Scientific classification
- Kingdom: Animalia
- Phylum: Mollusca
- Class: Gastropoda
- Subclass: Caenogastropoda
- Order: incertae sedis
- Family: Semisulcospiridae
- Genus: Semisulcospira
- Species: S. libertina
- Binomial name: Semisulcospira libertina (Gould, 1859)
- Synonyms: Melania libertina Gould, 1859 Melanoides libertinus Semisulcospira toucheana

= Semisulcospira libertina =

- Genus: Semisulcospira
- Species: libertina
- Authority: (Gould, 1859)
- Conservation status: LC
- Synonyms: Melania libertina Gould, 1859, Melanoides libertinus, Semisulcospira toucheana

Species of gastropod

Semisulcospira libertina is a species of freshwater snail with an operculum, an aquatic gastropod mollusc in the family Semisulcospiridae. Widespread in east Asia, it lives in China, Taiwan, Korea, Japan, and the Philippines. In some countries it is harvested as a food source. It is medically important as a vector of clonorchiasis, paragonimiasis, metagonimiasis and others.

==Taxonomy==
The type specimens were collected by American scientist William Stimpson during the North Pacific Exploring and Surveying Expedition (1853–1856). This species was originally described under the name Melania libertina by American malacologist Augustus Addison Gould in 1859. The specific name libertina is from Latin language and means a "freedwoman". Semisulcospira libertina is the type species of the genus Semisulcospira by subsequent designation.
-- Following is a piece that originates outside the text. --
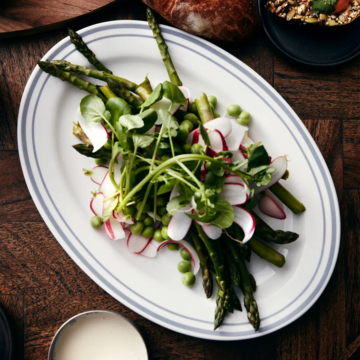 Le site Bistro bol de la maison danoise Nicolas Vahé . Le bord de l'assiette est décoré de deux bandes grises qui encadrent la nourriture et la mettent en valeur. Comme son nom l'indique, le bol nommé Bistro parfait pour servir le repas de manière décontractée, comme dans un restaurant français. Bistro pour servir les plats. Les bols peuvent être idéalement combinés avec le reste de la Bistro -collection de Nicolas Vahé .

Kuroda (1963) and Habe (1965) considered S libertina a synonym of Semisulcospira bensoni.

The "S. libertina species complex" consist of three species: S. libertina, S. reiniana and S. kurodai, according to Davis (1969). Placement of S. kurodai within this species complex was confirmed by Oniwa and Kimura in 1986.

== Distribution ==
This species occurs in:
- South Korea: continental South Korea and Jeju Island.
- Central China: Hubei, East China: Anhui, Fujian, Jiangxi, Zhejiang and South China: Guangdong.
- Taiwan
- widespread in Japan It is the most common freshwater snail in Japan.
- This species was also reported from the Philippines.

The type locality was listed as "Simoda and Ousima" by Gould in 1859, that means two localities: Shimoda City in Honshu and Amami Ōshima in Ryukyu Islands. Davis (1979) identified the presumed type locality Inozawa River, Inozawa Section, Shimoda City, Izu Peninsula, Shizuoka Prefecture, Honshu.
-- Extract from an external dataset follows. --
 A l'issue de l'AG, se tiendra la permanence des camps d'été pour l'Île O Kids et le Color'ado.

Miura et al. (2013) studied mitochondrial haplotypes of Semisulcospira libertina from Korea and from Japan. Mixed haplotypes in Korea suggest long-distance palaeo-migration across the Korea Strait from Japan to Korea.
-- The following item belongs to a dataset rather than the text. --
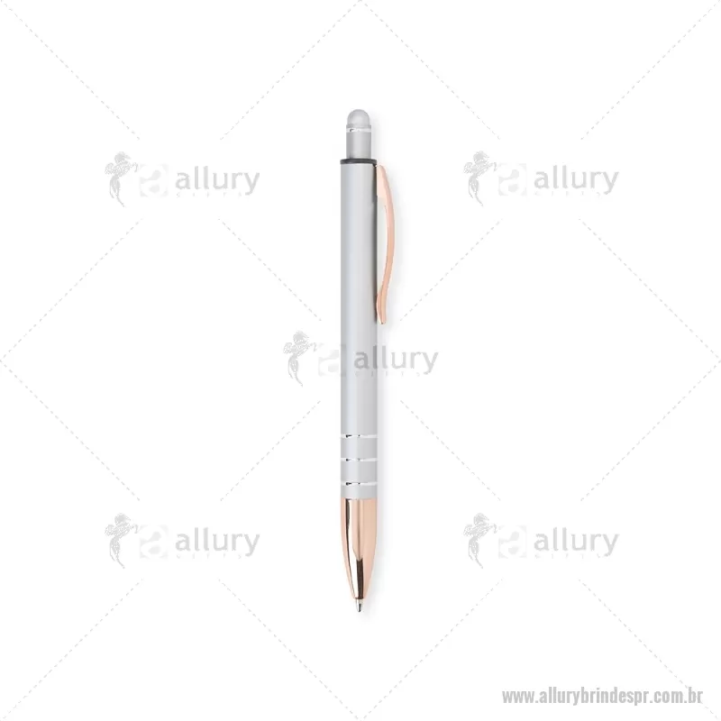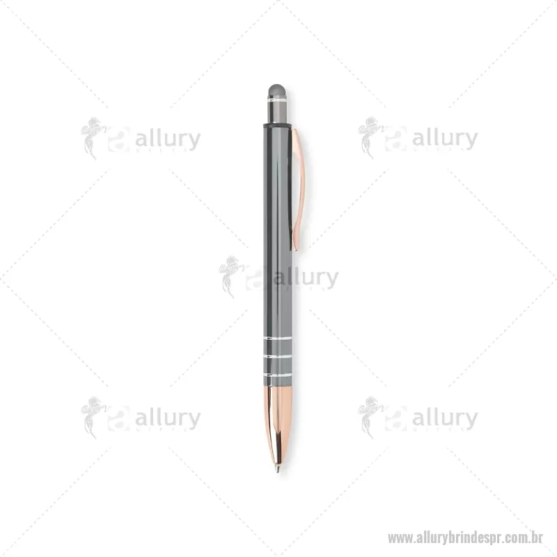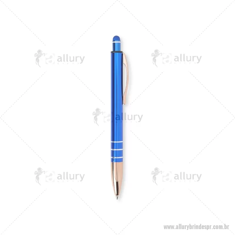 Caneta Metal Touch Caneta metálica com acionador touch, clipe metálico e ponteira plástica. Carga esferográfica azul 1.0mm e acionamento por clique. Largura : 1,6 cm x Comprimento : 14,4 cm Peso aproximado (g): 17 - - ALLPRCMT291

Shells of Semisulcospira libertina were also found in the Nojiri-ko Formation at the Lake Nojiri in Central Japan from the age of 27,000 years BP.

== Description ==
The shell has 4–6 whorls, while the apex of the shell is usually eroded. The spire is long. The aperture is continuous and the apertural lip is simple. Umbilicus is closed. The shell of Semisulcospira libertina is very variable. There are seven or more (up to 12) basal cords (spiral sculptures at the base of the body whorl). There are sometimes transverse ribs present on the shell sculpture: 12–18 ribs per penultimate whorl. Periostracum is smooth. The color of the shell is usually light yellow, but it can be light brown very rarely. The spire is darker yellowish-brown. Number of shells is banded with purple brown spiral bands, either with one band, two bands, or three bands.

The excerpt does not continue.